Frottis : à quelle fréquence faut-il le faire ?
Dr Khaled Sidhom — Santé féminine — mis à jour le 2026-09-01
Le dépistage du cancer du col de l'utérus commence à 25 ans. Entre 25 et 29 ans, il repose sur un frottis cytologique : deux frottis à un an d'intervalle, puis un frottis tous les trois ans si les résultats sont normaux. À partir de 30 ans et jusqu'à 65 ans, le test HPV à haut risque remplace le frottis et se répète tous les cinq ans lorsqu'il est négatif. Le dépistage est poursuivi même après la ménopause, même en l'absence de rapports sexuels actuels, et même chez les femmes vaccinées contre le papillomavirus.

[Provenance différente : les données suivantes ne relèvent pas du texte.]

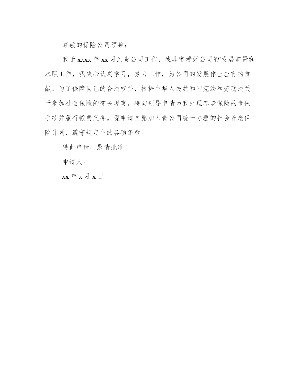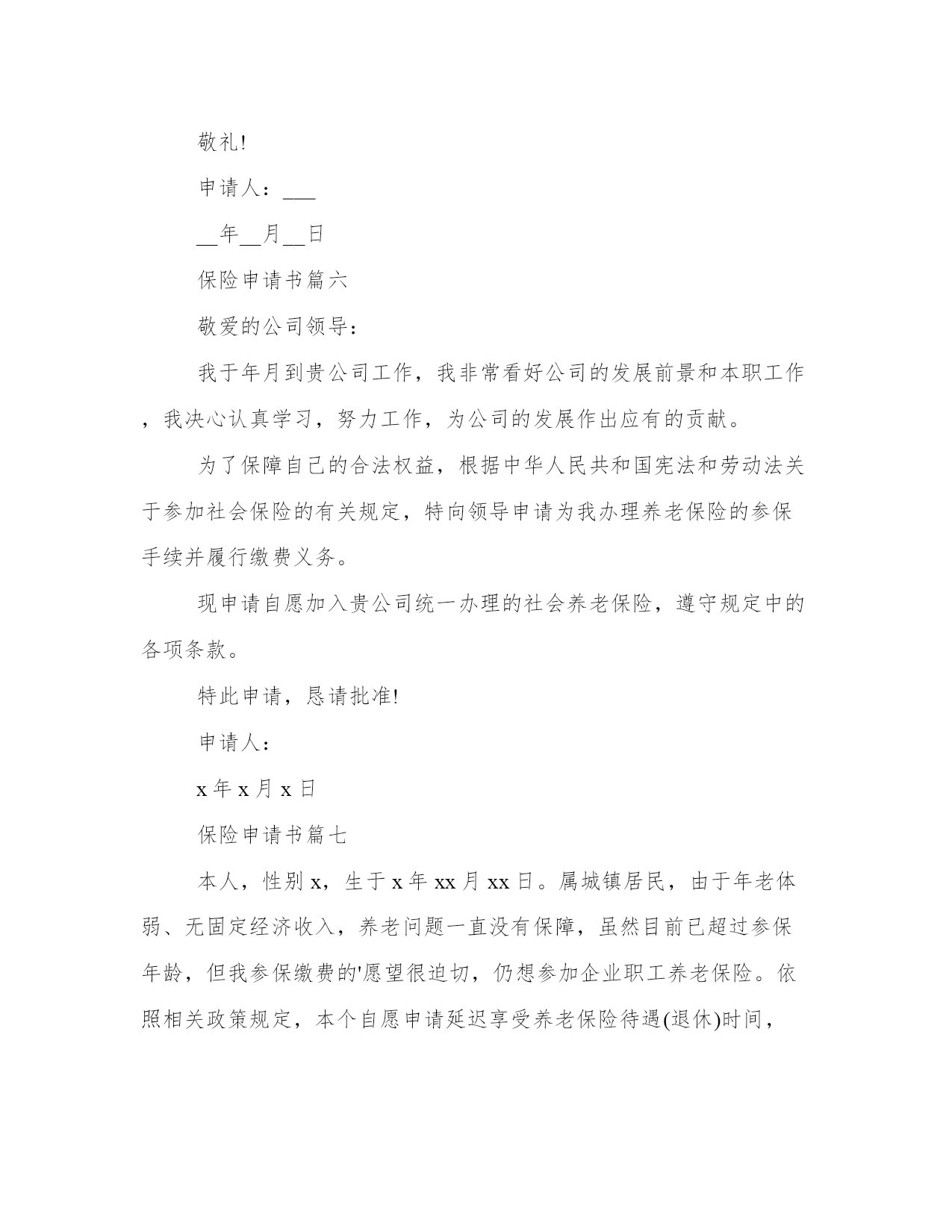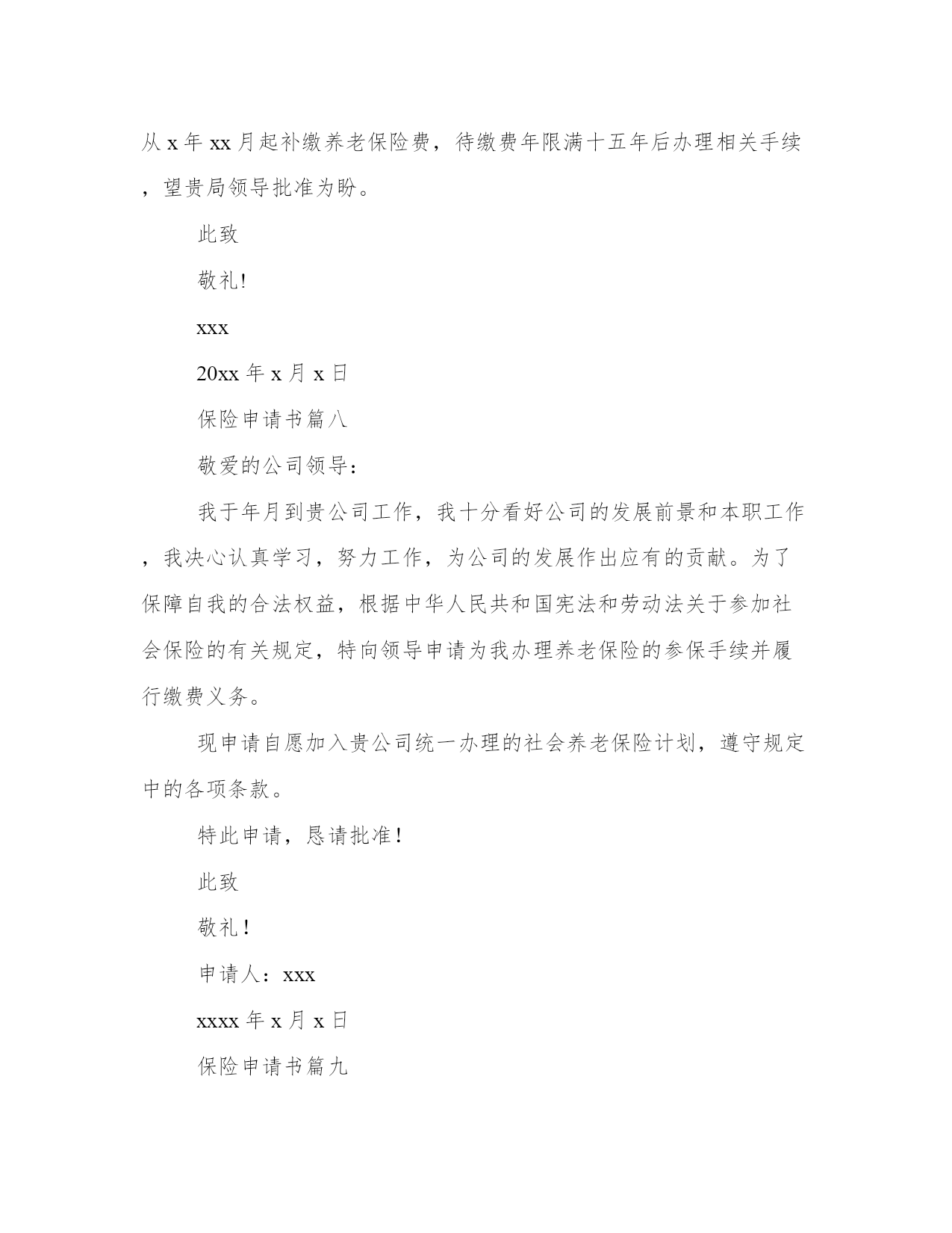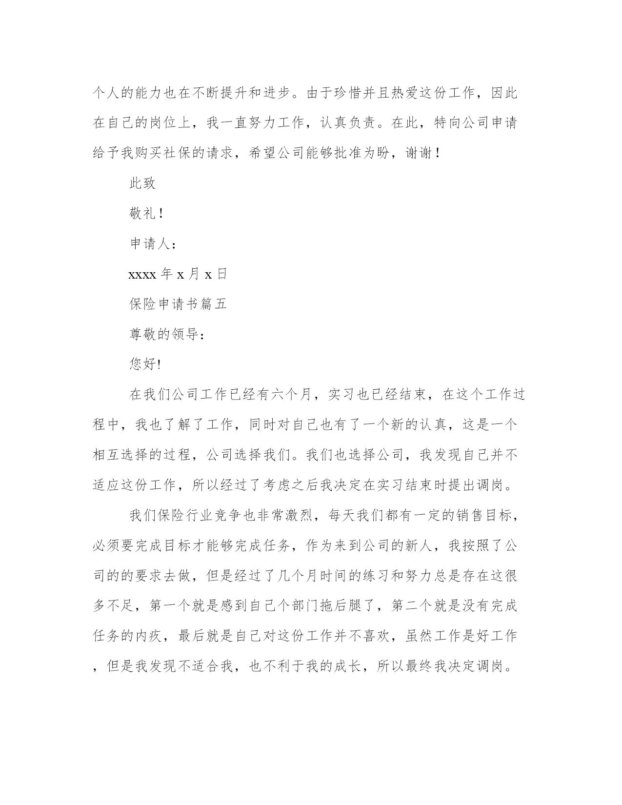 保险申请书(模板9篇)无论是身处学校还是步入社会,大家都尝试过写作吧,借助写作也可以提高我们的语言组织能力。写范文的时候需要注意什么呢?有哪些格式需要注意呢?这里我整理了一些优秀的范文,希望对大家有所帮助,下面我们就来了解一下吧。保险申请书篇一地址:______________法定代表人:______________委托代理人:______________被反诉人(本诉原告):______________地址:______________法定代表人:______________反诉请求:______________1、判令被反诉人赔偿损失元(暂计至起诉之日,后续损失将按实际追加请求);2、反诉诉讼费用由被告承担。事实和理由:反诉人向被反诉人出售__产品,被反诉人陆续收货付款。后因被反诉人无力付款,将未用完的产品退回反诉人,并承诺尽快付清欠付货款。此后,被反诉人于20__年月日付款__元,于20__年月日付款__元。在反诉人等待被反诉人进一步付款之际,被反诉人恶意提起诉讼,并申请法院查封反诉人的银行存款__元。反诉人的这笔存款,是用来购进原材料的,但因被反诉人的错误查封,致使反诉人无法支付材料款,并因材料不能及时到位,造成直接经济损失__万元。此后,反诉人为了保证公司运营,从民间高利借款__元,每月利息损失__元。为应诉,反诉人损失律师费__元。截止反诉之日,因被反诉人错误申请财产保全,反诉人共遭受损失__元,且损失仍在扩大。被反诉人没有任何证据证明反诉人应当承担产品责任,并且被诉人因无力付款而退回的货物,当即被另一客户使用,不存在任何产品质量问题。因此,被反诉人的诉讼请求应予驳回,被反诉人的财产保全申请错误,且已给反诉人造成了实际经济损失。反诉人请求贵院在查明本诉事实、判决驳回原告起诉的同时,判决支持反诉人的请求。具状人:__________________年_____月_____日保险申请书篇二尊敬的领导:您好!我叫xx,于20xx年10月进入xx公司。根据公司需要,目前在集团公司品牌部就职,主要负责集团网站建设维护和网络品牌推广工作。在近两年的工作中,我对xx了解和认识也日渐加深,并产生了很深的情感,决定长期与xx共同成长、共同进步、共创辉煌。入职xx后我主要完成的工作简要总结如下:(一)优化集团公司网络系统。一年前,集团公司网络由于资源和管理问题,造成网络使用率底下并且严重影响工作的网络安全隐患,并多次受到网络黑客攻击。在上报领导后对部分硬件升级、上网功能流量的限制和集团计算机ip归档等进行处理,解决了此问题,最大程度保证了集团公司现有网络资源的利用率和安全性。(二)建立企业内网平台。信息化办公是现代化企业实现高效、无纸办公的基础,也是企业资源高效利用的平台。在集团领导的支持下,组建了企业内部信息交流、资料收集、图片视频统一展示、满足办事功能的企业内部资源平台。至今已经收集了大量的集团各类图片、视频、音频信息7千余条;收集集团业务所需的软件程序收集近50个;收集相关文字资讯300余条。对企业文化建设和资源有效利用和集中展示都起到一定作用。(三)制作了大理xx期刊电子版本。将实物书刊转换成网络电子文本,可以让更多的人阅读到xx,了解和认识xx,也是企业进行网络品牌推广的一部分。(五)集团网站的更新重建。对网站进行风格修改和提升,从页面上大方直观的展示企业,使其成为企业品牌的一张漂亮的网络名片。拓宽与目标客户进行有效沟通的渠道,跟踪客户对品牌的认知。(六)进行集团网站和xx地区人流量较大的网站的互联工作,以及新浪微博品牌馆入驻的相关推广工作。我感谢xx给了我一个发挥的舞台,“滴水之恩当涌泉相报”,我定会倍加珍惜,为公司的发展竭尽全能。我对未来的展望是:在公司的领导下,更加严格要求自己,在做好本职工作的同时不断的学习与积累完善自我,成为xx集团中优秀的一份子。在此我向公司提出购买五险的申请,恳请领导予以批准为谢!此致敬礼!申请人20xx年x月x日保险申请书篇三鼎城区工业局镇企管负责同志:你们好!我叫xx,男,1953年生,现年58岁,汉族,家住鼎城区大龙站农贸市场旁。1971年我高中毕业后,在大队当民办教师,1973年公社搞三床一机,需文化人才,公社党委调我进农具厂,当年到河伏农机学习电焊技术一年,期满后进农具厂机修车间任主任、车工、电焊工及电工。1976年到常德水电大学(石公桥镇)学习电工一年,拿取结业证书,1978年参加县农机校(灌溪镇)电焊工考试,领取初级电焊工操作证书。1984年农具厂破产后,企业办安排到农机站搞电焊及电工。1993年农机站搬迁到十字路口,由于建站,领导安排自谋生路,从此干起了个体户。20多年的企业生活,我是勤劳苦干,踏实工作,技

Pourquoi le rythme change à 30 ans
Le cancer du col est causé par une infection persistante à papillomavirus humain (HPV) à haut risque. Avant 30 ans, les infections à HPV sont très fréquentes et disparaissent spontanément dans plus de neuf cas sur dix : rechercher le virus à cet âge conduirait à de nombreux résultats positifs sans conséquence, et à des examens inutiles.
Après 30 ans, une infection persistante devient beaucoup plus significative. Le test HPV, plus sensible que le frottis, détecte le risque plus tôt, ce qui permet d'espacer les contrôles à cinq ans en toute sécurité lorsqu'il est négatif.
Comment se déroule l'examen
Le prélèvement se fait en consultation, en position gynécologique, à l'aide d'un spéculum. Une petite brosse recueille des cellules à la surface et dans le canal du col. Le geste dure moins d'une minute et n'est pas douloureux, tout au plus désagréable.
Pour que le résultat soit fiable, il faut éviter le prélèvement pendant les règles, s'abstenir de rapports sexuels, de toilette vaginale, d'ovule ou de crème vaginale dans les quarante-huit heures précédentes, et signaler une éventuelle grossesse — le frottis reste possible pendant la grossesse.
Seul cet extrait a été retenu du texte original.